Respondent’s Objections to Declarations
and Exhibits in Support of Petitioners’ Motion for New Trial
Respondent’s general objections to Petitioners’
declarations and exhibits in support of the motion for new trial are
overruled. (See Objections
1:26-3:7.) Petitioners expressly do not
move for new trial pursuant to CCP section 657(4) and therefore the reasonable
diligence standard of section 657(4) is not at issue. (See Reply 2:18-19.) Petitioners submit the declarations and
exhibits as
an “offer of proof” for the motion based on section 657(1), and contend that
the evidence shows that the court abused its discretion in failing to take live
testimony. (See Mot. 7:19-21 and 18-19; Reply
2:18-22.) Neither party cites case law
addressing whether new evidence may be submitted for such purpose for a new
trial motion. Respondent did not object
that the evidence was improper as an “offer of proof” for a new trial motion
under section 657(1). On that basis, the
general objection is overruled.
Specific objections:
(1)
Overruled
(2)
Overruled.
(3)
Overruled.
(4)
Overruled.
(5)
Sustained.
(6)-(16) Overruled.
Relevant Procedural History
On June 25, 2021, Petitioners filed a
verified petition for writ of mandate to compel inspection of corporate
documents. Respondent answered.
On October 12, 2021, at a trial
setting conference attended by counsel for both parties, the court set the
petition for hearing on August 25, 2022, and set a briefing schedule pursuant
to which the opening brief was due 60 days before the hearing, the opposition
30 days, and the reply 15 days.
On June 23, 2022, the day before
Petitioners’ opening brief was due, Petitioners filed an ex parte application
to continue the trial date on the grounds that new counsel had just substituted
in. The court (Judge James Chalfant)
denied the application to continue the trial date but extended the due date for
Petitioner’s opening brief. The court ordered
Petitioner’s opening brief to be filed by 07/08/2022, Respondent’s opposition
brief to be filed 17 days prior to the hearing date, and Petitioner’s reply brief
and the joint notebook to be filed 15 days prior to the hearing date. (Minute Order dated 6/23/22.) Petitioners did not seek reconsideration of
that briefing schedule from Judge Chalfant, or a modification of the briefing
schedule from Judge Strobel.
On July 8, 2022, Petitioners filed their
opening brief in support of the instant writ petition and supporting
evidence. The court received
Respondent’s opposition and opposing evidence, and Petitioners’ reply and reply
evidence.
On August 25, 2022, the court held a
hearing on the writ petition. After oral
argument, the court adopted its tentative ruling denying the petition. The court’s minute order (hereafter
“Decision”) sets forth a detailed discussion of the relevant factual background
and the court’s legal reasoning. That
discussion is not repeated here but is incorporated by reference.
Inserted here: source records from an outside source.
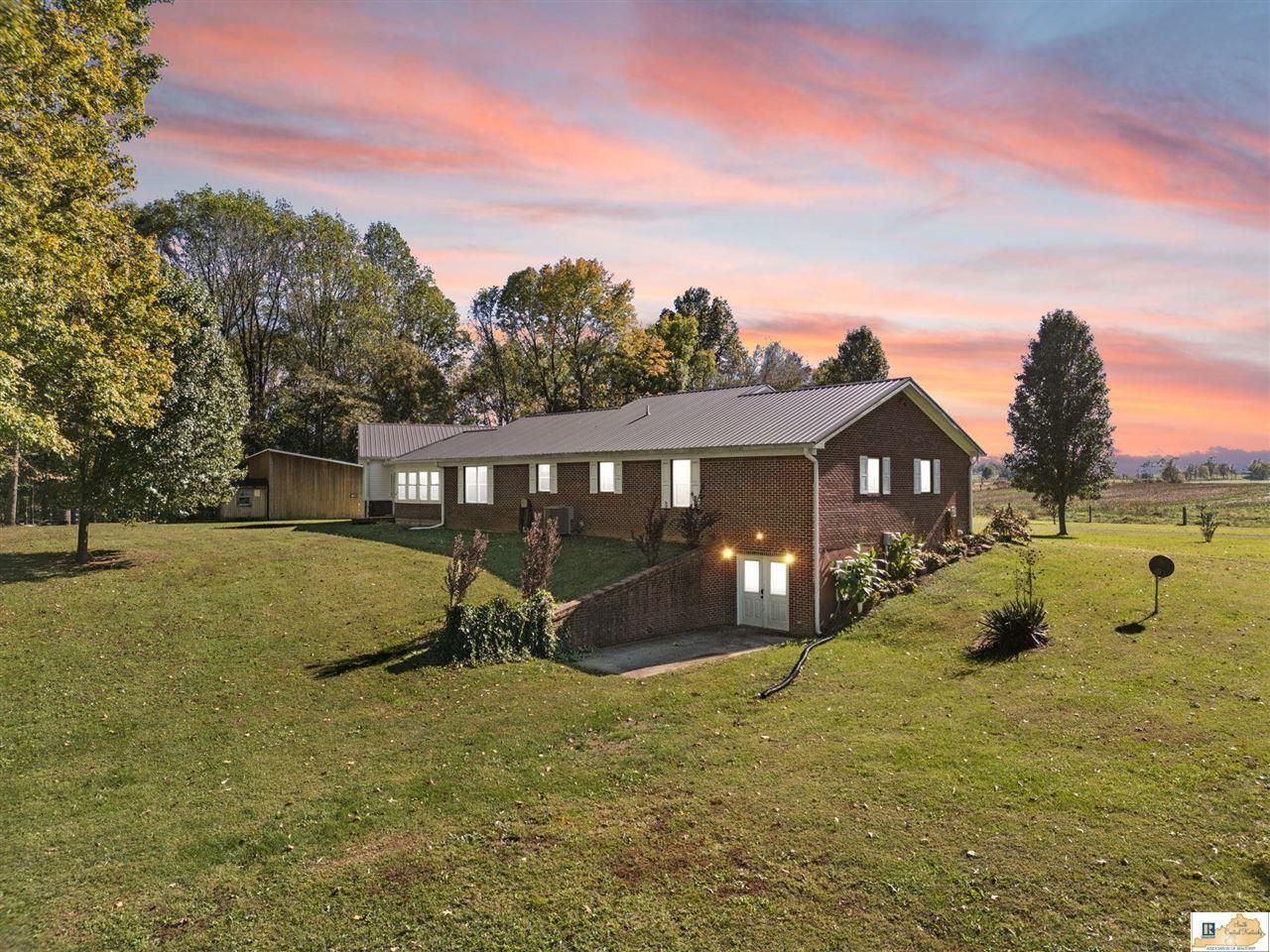 Enjoy peaceful country living just minutes from Holmes Bend Marina on Green River Lake with this well-built brick home situated on 7.12 acres. Constructed in 2009, this spacious 3-bedroom, 2.5-bath residence has been exceptionally maintained. Recent improvements include a new metal roof (2022), new Carrier HVAC unit (2022), and new water heater (2020) giving you peace of mind for years to come. The main level features solid hardwood floors and an open-concept layout where the living room flows seamlessly into the kitchen and dining area. The kitchen has solid oak cabinetry and been refreshed with new quartz countertops, and stainless-steel appliances, combining style and function. The large primary suite offers a private ensuite bath with a newer walk-in shower for easy accessibility. Downstairs, the full walk-out basement includes a half bath and provides excellent potential to finish to your liking. A 28.5x36 attached garage offers concrete flooring, electric, and a durable metal interior for low maintenance. The garage connects to the home via a spacious breezeway enclosed with vinyl windows (not counted in square footage) a perfect space for family gatherings or relaxing while taking in the views. Additional improvements include a like-new 24x30 detached garage (not yet finished with concrete or electric), a 24x36 three-bay open shed ideal for tractors or lawn equipment, and a chicken coop that remains with the property. Additionally, an 18x30 carport remains with the property as well. The land itself is a true highlight - beautifully fenced with a small pond, a meandering stream, and a garden area ready for your green thumb. This property combines the serenity of the countryside with modern comfort and practical amenities. Its the perfect setup for anyone seeking a well-built home with space to enjoy the outdoors. Call today to schedule your private showing!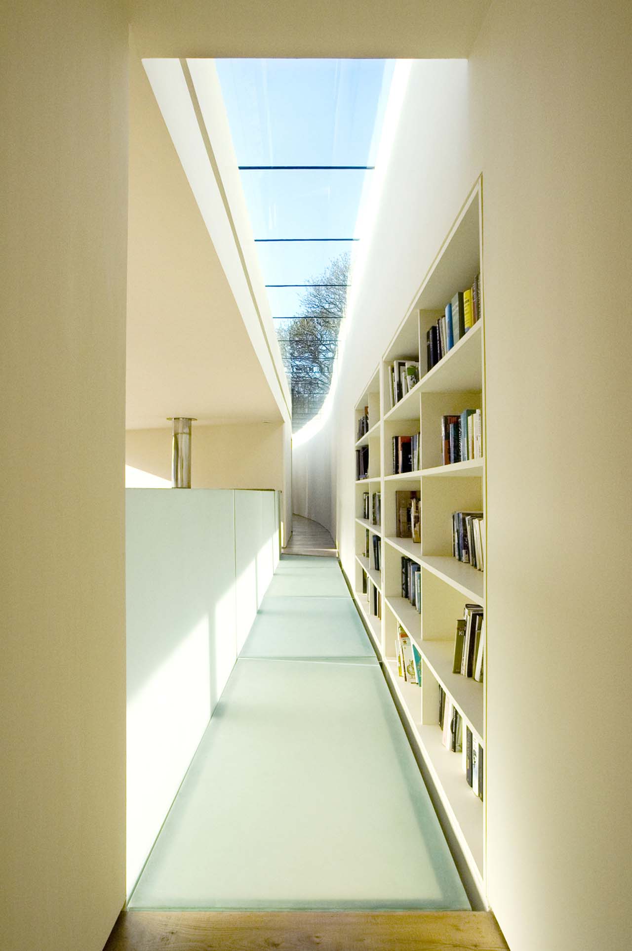 與大師設計有異曲同工之妙的,還包括將長廊的一側完全設計成書牆,或是將樓梯的一側以書櫃取代了扶手;甚至還有設計師做出更令人會心一笑的設計:起居室的牆面後方佇立著一小座樓梯,這梯不通往屋內的任何地方,只單單通向一面書架!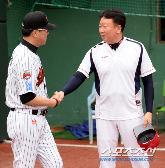 "수비에서 승부가 갈렸다." KIA 타이거즈가 3연패를 당했다. KIA는 8위로 한 계단 내려앉았다. KIA와 9위 한화 이글스의 승차는 1.5게임이다. 28일 부산 사직구장에서 롯데와 KIA의 주중 2연전 첫번째 경기가 예정된 가운데 양팀 선수들이 훈련을 펼쳤다. 롯데 김시진 감독과 KIA 선동열 감독이 만나 인사를 나누고 있다. 부산=허상욱 기자 wook@sportschosun.com/2014.08.28/ |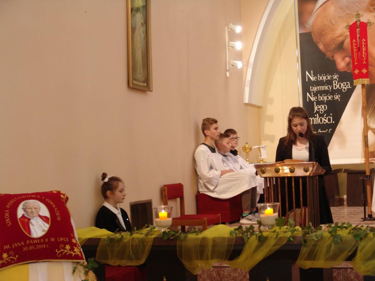 Święto Szkoły Podstawowej im. Jana Pawła II w Lipce rozpoczęło się uroczystą mszą za zmarłych nauczycieli, uczniów i pracowników szkoły. Mszę uświetniły pieśni o patronie wykonane przez chór szkolny „Gama” p. Anety Gortat- Kruk oraz „Gordonki” p. Sylwii Pyrc.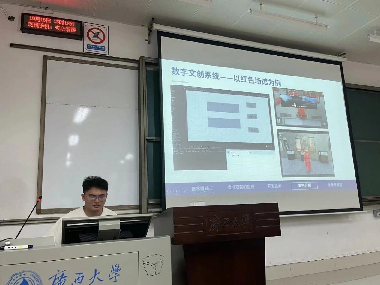 本次论坛以“虚拟现实技术在教学实验、数字文创等领域的应用及相关系统开发”为主题,深入探讨了虚拟现实在教学实验中的应用、在数字文创领域的应用和相关系统开发与实践。三位受邀宣讲的同学分别向在场同学分享了各自在相关领域的研究成果与科研经验,并对虚拟现实的未来应用前景进行了展望。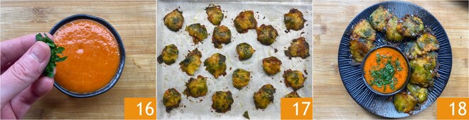 Wenn Sie die richtige Konsistenz erreicht haben, garnieren Sie mit einem Petersilienblatt 16, etwas Öl und ein paar Tropfen Tabasco. Nehmen Sie den Rosenkohl aus dem Ofen 17 und lassen Sie ihn abkühlen, bevor Sie ihn mit einem Spatel vom Blech lösen. Garnieren Sie den zerdrückten Rosenkohl aus dem Ofen mit Flockensalz und servieren Sie ihn mit dem Winter-Salmorejo 18!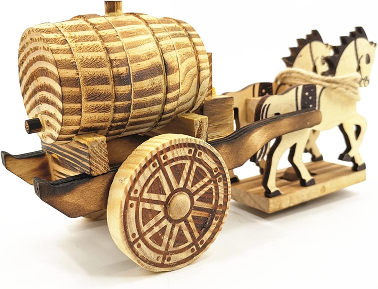 Materiale durevole: il modello in legno del carrello a doppia testa è realizzato in materiale di legno di alta qualità, robusto, non facile da danneggiare e può essere utilizzato a lungo. Design retrò: adotta il design dell'antica carrozza doppia cinese e sul retro è presente una piccola botte di legno. Lo stile è retrò, interessante e molto collezionabile. Esecuzione squisita: la superficie del modello di carrozza a due cavalli è lucida, liscia e priva di sbavature ed è confortevole. C'è una corda di canapa sul collo del cavallo, che è classica e retrò. La superficie della carrozza ha una struttura chiara ed è molto delicata nella lavorazione. Mobile: il carrello ha ruote davanti e dietro e due ruote dietro. È molto stabile e può essere spinto forte per farlo funzionare. È molto interessante e molto adatto ai bambini per praticare le abilità manuali. Multifunzionale: design classico in stile retrò cinese, bello, mobile, da collezione e decorativo, adatto per la decorazione d'interni o altre decorazioni d'interni.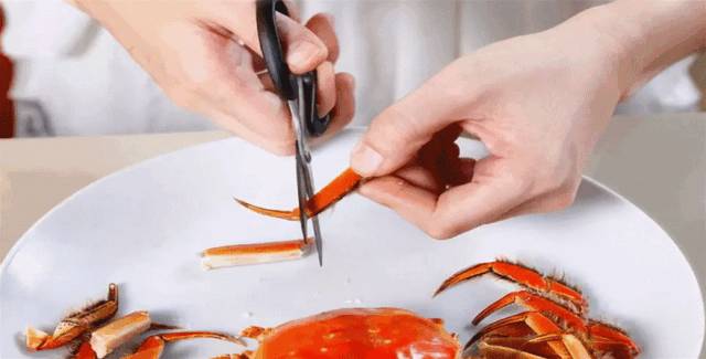 第七步:吃完主体就到蟹腿、蟹钳啦!剪下来的蟹腿尖可以用作工具,用尖腿可以把蟹腿中间的肉推出来,蟹钳可以变成勺子用来挖蟹肉。剪刀从蟹钳中间轻轻剪下去,就能分开,取出里面鲜嫩的蟹肉!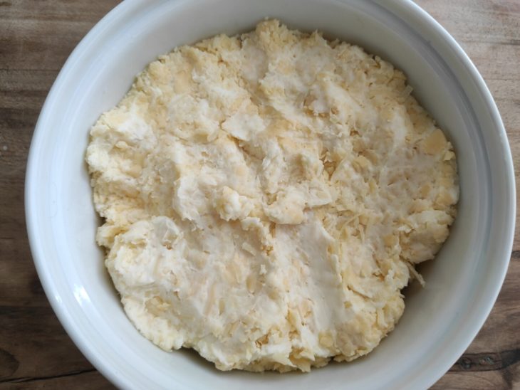 Em um recipiente, adicione o Catupiry, o parmesão ralado, o queijo gouda e misture bem e acerte o sal se precisar;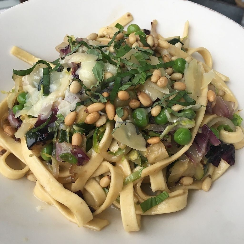 Flatbread with veggies and tree line nut cheese.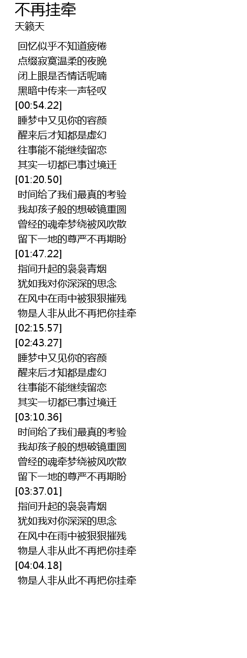 | [04:04.45] | 物是人非从此不再把你挂牵 |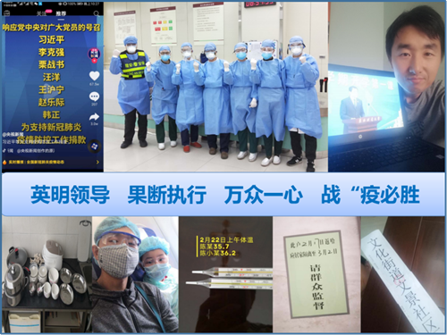 刘美爽同志说:“疫情让我更加坚信中国共产党的伟大,中华民族的团结,中国领导人的英明,在这么短的时间内,14亿人口团结一心初步打赢了疫情防控的人民战争、总体战、阻击战,这是没有任何国家能比得上的!就连世卫组织高级顾问都说:如果我感染了新冠病毒,我希望在中国接受治疗!此次疫情让我们更加热爱我们伟大的祖国!此次疫情那些美丽的逆行者——医护人员,他们不畏艰辛、勇往直前,在这样的时刻挺身而出,让我们感动,让我们流泪!希望疫情过后我们能学会善待医生,改善医患关系,是他们在疫情面前为我们撑起了生命的大伞,让我们见到了生的希望!”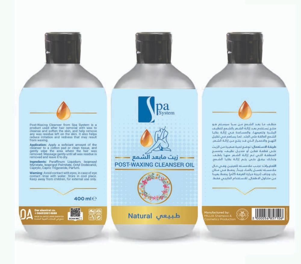 Pamper your skin after waxing – give your skin deep cleansing and instant softness with Spa System Natural Post-Wax Cleansing Oil.Key Benefits:Removes wax residues easily: Gently and effectively cleans the skin after waxing.Soothes skin and reduces redness: Helps calm irritation caused by waxing.Softens and hydrates: Leaves skin smooth and silky after each use.Easy to use: Suitable for all body areas after waxing.Safe and gentle: Natural “Natural” formula helps maintain healthy skin.How to Use:Apply an appropriate amount of oil to a cotton pad or clean tissue and gently wipe the treated area. Massage lightly until all wax residues are removed and leave to dry.Spa System Natural Oil – for clean, soft, and comfortable skin after every waxing session.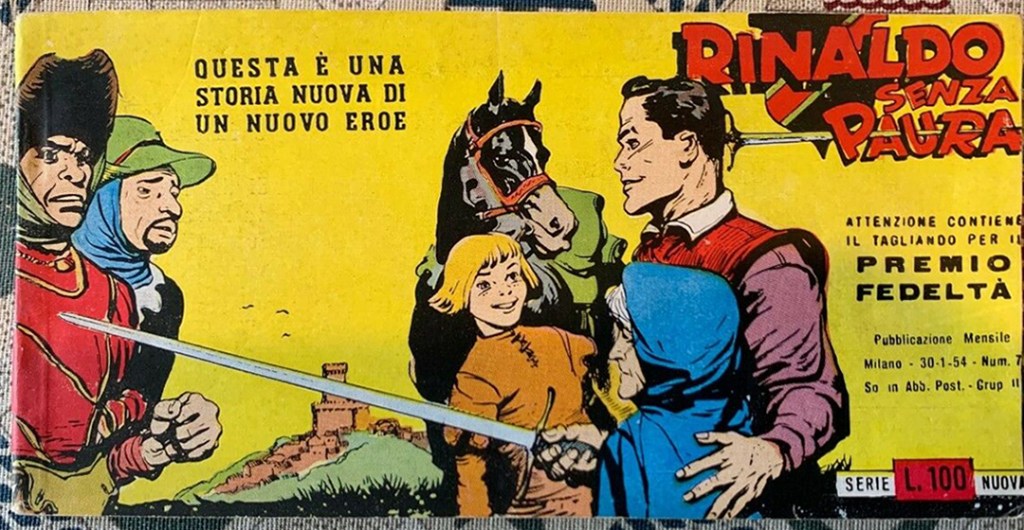 Aware that KEVIN THE BOLD had been published as part of the 1970s Italian comic book “Il Nerbiniano,” I recently learned that Kevin was originally featured in his own line of comic books under the moniker RINALDO SENZA PAURA. It’s a great name for our hero, since Rinaldo means “wise power” or “ruler’s advisor,” and senza paura translates to “fearless.” (A huge grazie to my friend Davide for alerting me to these Italian editions!)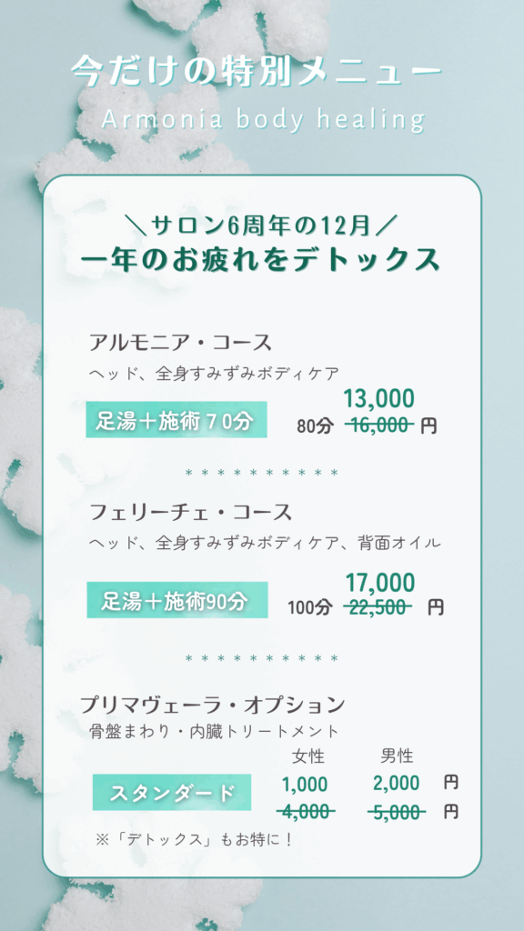 ゆっくり体を整えたい方も、久しぶりに受けてみようかな…という方も、この機会にぜひどうぞ。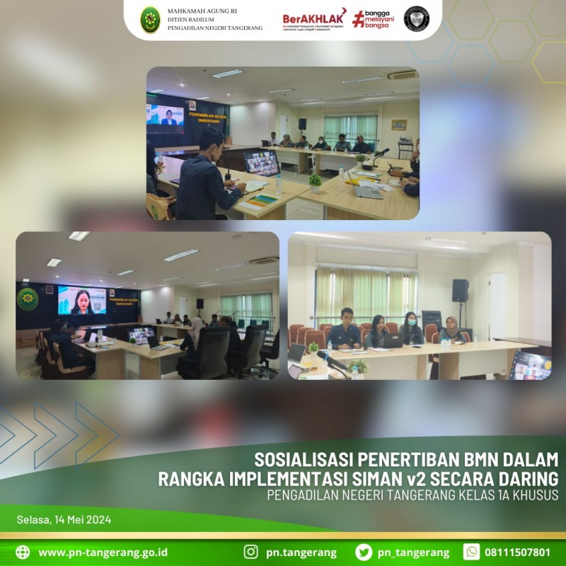 Sehubungan dengan Surat Plt. Sekretaris Mahkamah Agung RI Nomor 119/SEK/PL1.2/V/2024 tanggal 3 Mei 2024 perihal Persiapan Migrasi Data Pengelolaan Barang Milik Negara (BMN) dalam Rangka Implementasi SIMAN v2, bersama ini disampaikan bahwa perlu diadakan sosialisasi Petunjuk Teknis Penertiban Barang Milik Negara (BMN), acara tersebut dilaksanakan Hari Selasa, 14 Mei 2024 secara daring Mulai Pukul 09.00 s.d. selesai.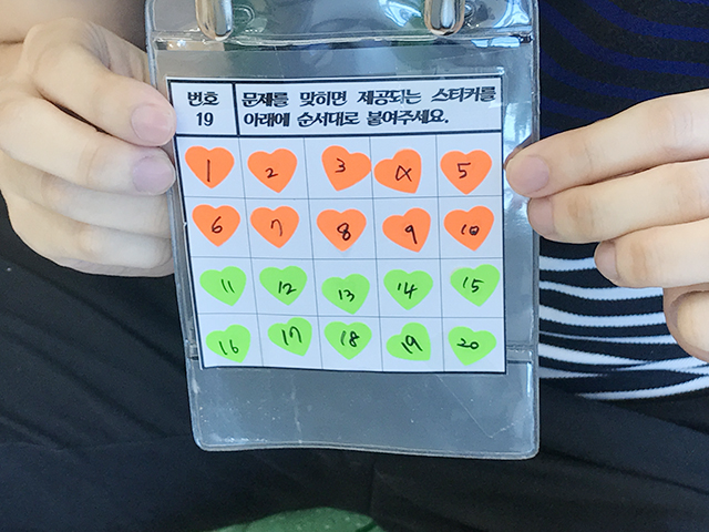 문제를 맞히실 때마다 개인 정답판에 스티커를 붙였는데요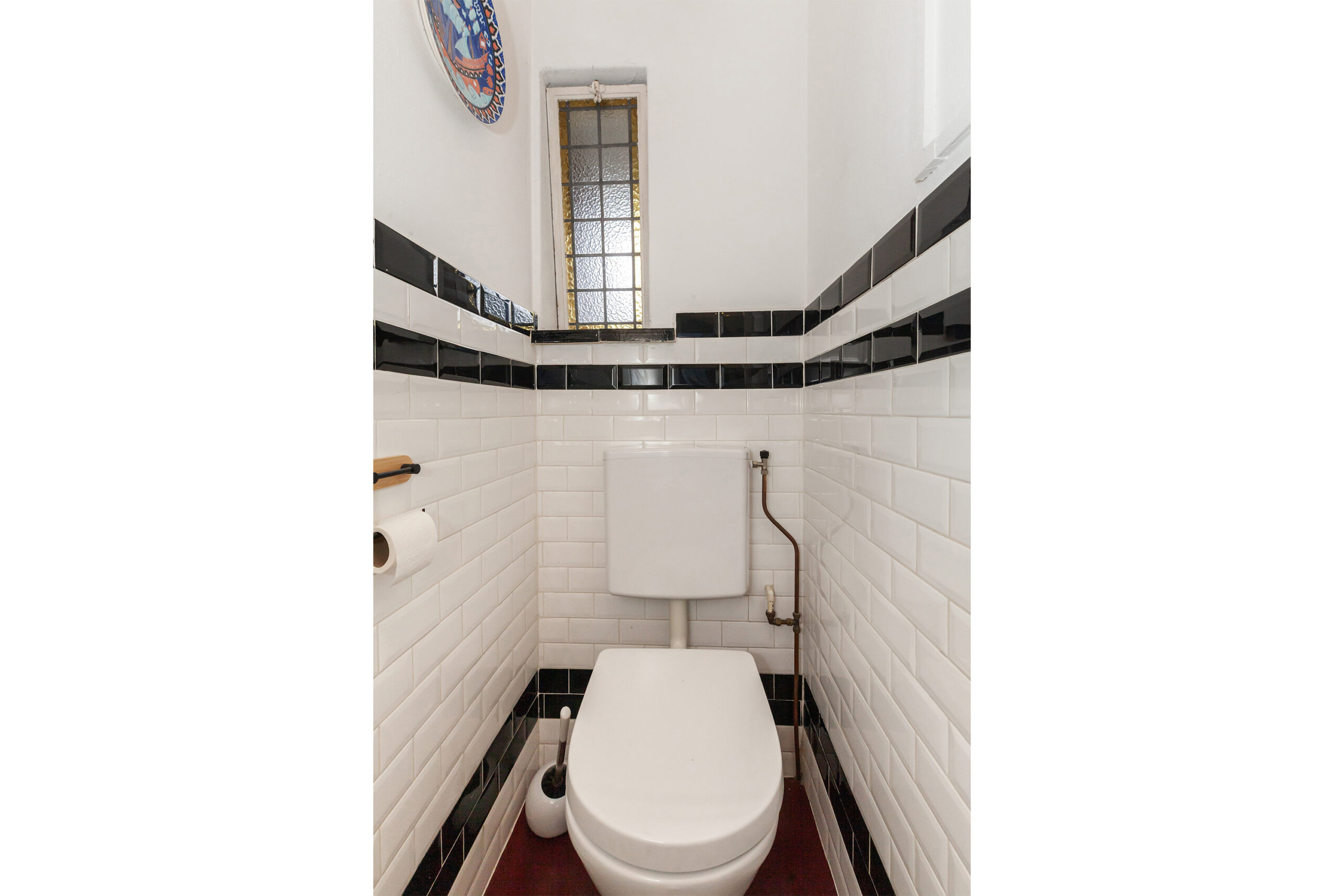 We zullen het niet bij elke ruimte zeggen, maar kijkt u eens naar het raam, eveneens origineel glas-in-lood! Deze sanitaire ruimte is voorzien van een toilet.

On September 28, 2022, the court
entered judgment in favor of Respondent and against Petitioners.
On October 13, 2022, Petitioners
filed notice of intent to move for new trial.
On October 31, 2022, Petitioners
filed their motion for new trial. The
court has received Respondent’s opposition, Petitioners’ reply, and
Respondent’s evidentiary objections.
Standard of Review
Petitioners move for new trial on the
grounds of (1) insufficiency of the evidence to justify the decision; and (2)
abuse of discretion by the court. (Mot.
2:7-11 and 13-19; see CCP § 657(1) [abuse of discretion] and (6) [insufficiency
of the evidence].)
CCP section 657 states that “[a] new
trial shall not be granted upon the ground of insufficiency of the evidence to
justify the verdict or other decision … unless after weighing the evidence the
court is convinced from the entire record, including reasonable inferences
therefrom, that the court or jury clearly should have reached a different
verdict or decision.” (See also §
657(6).) “ Section 657 by
its terms requires the trial court to weigh the evidence and consider the
entire record.” (Casella v. SouthWest
Dealer Services, Inc. (2007) 157 Cal.App.4th 1127, 1159.)
CCP section 657(1) authorizes a new
trial on the grounds of “irregularity in the proceedings of the court, jury or adverse
party, or any order of the court or abuse of discretion by which either party
was prevented from having a fair trial.”
“Evidentiary rulings by which relevant evidence was erroneously
excluded (or conversely, irrelevant evidence erroneously admitted) may be
ground for a new trial if prejudicial to the moving party's right to a fair
trial. “ (Rutter, Cal. Prac. Guide, Civil Trials and
Evidence, Chap. 18-B, ¶ 18:134.1, citing Townsend v. Gonzalez (1957) 150
Cal.App.3d 241, 249-250.)
“The right to a new trial is purely
statutory, and a motion for a new trial can be granted only on one of the
grounds enumerated in the statute.” (Fomco,
Inc. v. Joe Maggio, Inc. (1961) 55 Cal.2d 162, 166.)
Analysis
The Evidence is Sufficient to Justify
the Decision
Petitioners contend that the
evidence was insufficient to justify the court’s finding that Petitioners made
the inspection demands for an improper purpose, specifically “to support
interests in the ‘larger dispute’ over control of ARFDW.” (Mot. 13-16; Decision at 22.)[1]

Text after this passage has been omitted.